Why is so dang hard to take a good picture of the moon in the night sky?

571 views

Why is so dang hard to take a good picture of the moon in the night sky?

In: Technology

3 Answers

Anonymous 0 Comments

What are you using? A smartphone, an entry-level point-and-shoot, a mid-range mirrorless, a professional DSLR? This is the most important question. The next most important question is: are you using a tripod?

The moon moves and your hands shake, so using a tripod will make your shots a lot better.

If you have a camera with manual settings control, general consensus on appropriate settings will be ISO 100, aperture in the range of f/8-f/11, and shutter speed of around 1/100-1/150.

Anonymous 0 Comments

The primary reason that moon photos turn out shitty when using a smartphone camera, a point and shoot camere, or even a DSLR with the wrong lense and wrong settings, is really straight forward.

The moon is a tiny bright light in the sky, which is a vast field of darkness. When the camera tries to meter and expose for a tiny point of light against a large field of darkness, it overexposes the point of light and underexposes the rest and you end up with a photo that looks like a bright white dot and nothing else (and with no detail in the moon).

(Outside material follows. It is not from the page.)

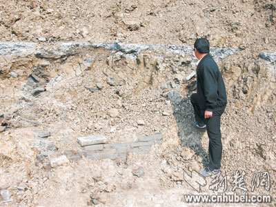 昨日下午,根據群眾舉報,記者隨襄樊文物局的兩名工作人員趕到現(xiàn)場——宜城市農業(yè)局質保站基建工地。只見地基挖掘工程并未停下,坑內一座古墓局部被破壞,三座古墓完全暴露,到處都是殘磚碎瓦。墓內文物隨時有被盜和流失的危險,急待搶救性發(fā)掘保護。但是,現(xiàn)場施工仍在進行。

If you were to put your smartphone camera lens up to a telescope eyepiece, however, so that the camera could “see” the moon as a much bigger portion of the picture, then it would be able to detect the areas of darkness and light on the moon’s surface and the exposure would greatly improve because it wouldn’t be simply one bright point against total darkness, but a more nuanced display of the color/texture/illumination of the moon.

This holds true for all sorts of other situations too, by the way. Take, for example, a photograph of an open doorway at night. At a distance the door is just a bright rectangle of light. The closer you get to the door, taking additional pictures, the more detail is revealed inside the doorway. This isn’t just because you are getting closer to the objects, it’s because the more of the frame the doorway fills (compared to the empty space of the darkness around the doorway) the better the camera is able to meter the scene and expose it properly so the highlights aren’t blown out. Eventually, when you got to the point where you were close enough that you were standing in the doorway, the metering would be very good because the camera wouldn’t be attempting to balance the inky black of the night outside the door with the bright light of the scene inside the door, but just working with the bright interior of the door and room inside instead.

Anonymous 0 Comments

Where the question has already been answered, I’ll take this opportunity to plug a book I recently started reading that you might enjoy. Starlight Detectives: How Astronomers, Inventors, and Eccentrics Discovered the Modern Universe by Alan Hirshfeld. The first part of the book is all about how early (modern) astronomers had a horrible time trying to photograph celestial objects like the moon.